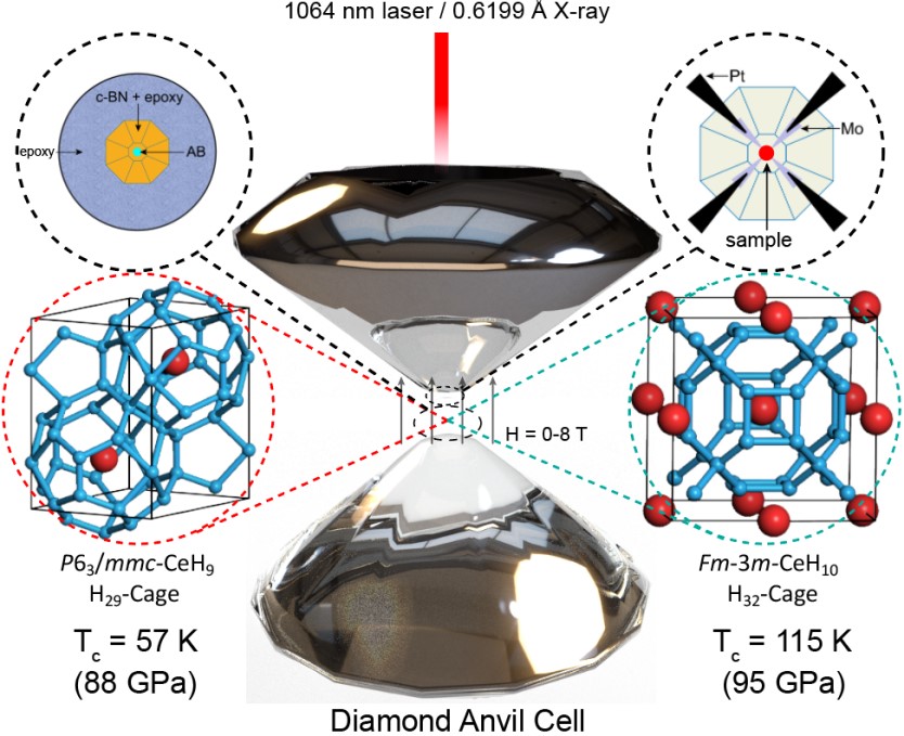 图:原位高压电学测量实验截获两种高温超导体CeH9和CeH10
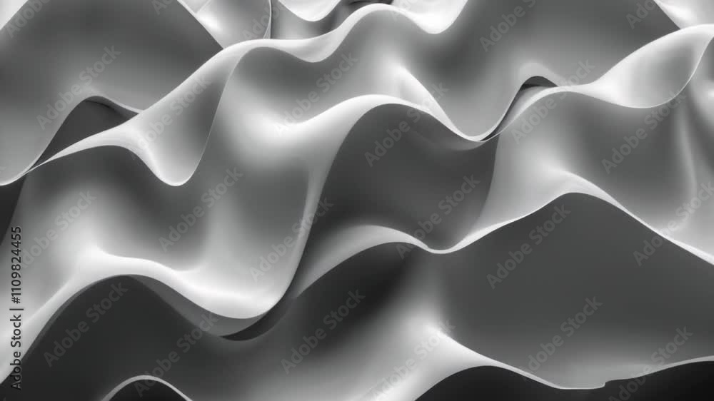 The watermark will not be included on Wall mural.: Abstract futuristic wallpaper with dynamic black and white wave pattern - lines create movement and t
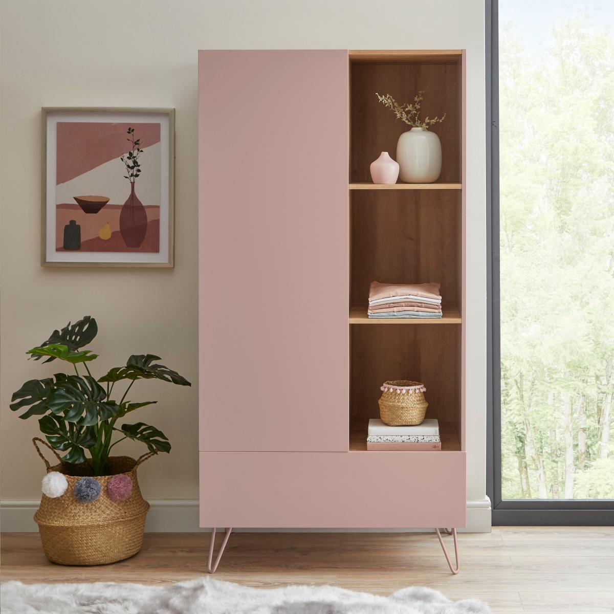 I love this pink wardrobe because of its soft, contemporary colour that can add a gentle touch to both modern and vintage interiors. It works particularly well in bedrooms with muted or pastel palettes, or as a statement piece in minimalist spaces. For styling tips, consider pairing it with brass or matte black hardware to add contrast, and keep accessories and clutter simple to let the colour stand out. Its clean lines and light tone make it versatile, so it can complement cosy, Scandi-inspired schemes or more playful, eclectic settings. It’s practical for storing clothes neatly, while the blush hue adds a fresh, uplifting vibe to any room.

§ **What you should do**:
With the pictures left out, return the listing above exactly as it stands.

§ **Expected answer**:
 图:原位高压电学测量实验截获两种高温超导体CeH9和CeH10
 The watermark will not be included on Wall mural.: Abstract futuristic wallpaper with dynamic black and white wave pattern - lines create movement and t
 I love this pink wardrobe because of its soft, contemporary colour that can add a gentle touch to both modern and vintage interiors. It works particularly well in bedrooms with muted or pastel palettes, or as a statement piece in minimalist spaces. For styling tips, consider pairing it with brass or matte black hardware to add contrast, and keep accessories and clutter simple to let the colour stand out. Its clean lines and light tone make it versatile, so it can complement cosy, Scandi-inspired schemes or more playful, eclectic settings. It’s practical for storing clothes neatly, while the blush hue adds a fresh, uplifting vibe to any room.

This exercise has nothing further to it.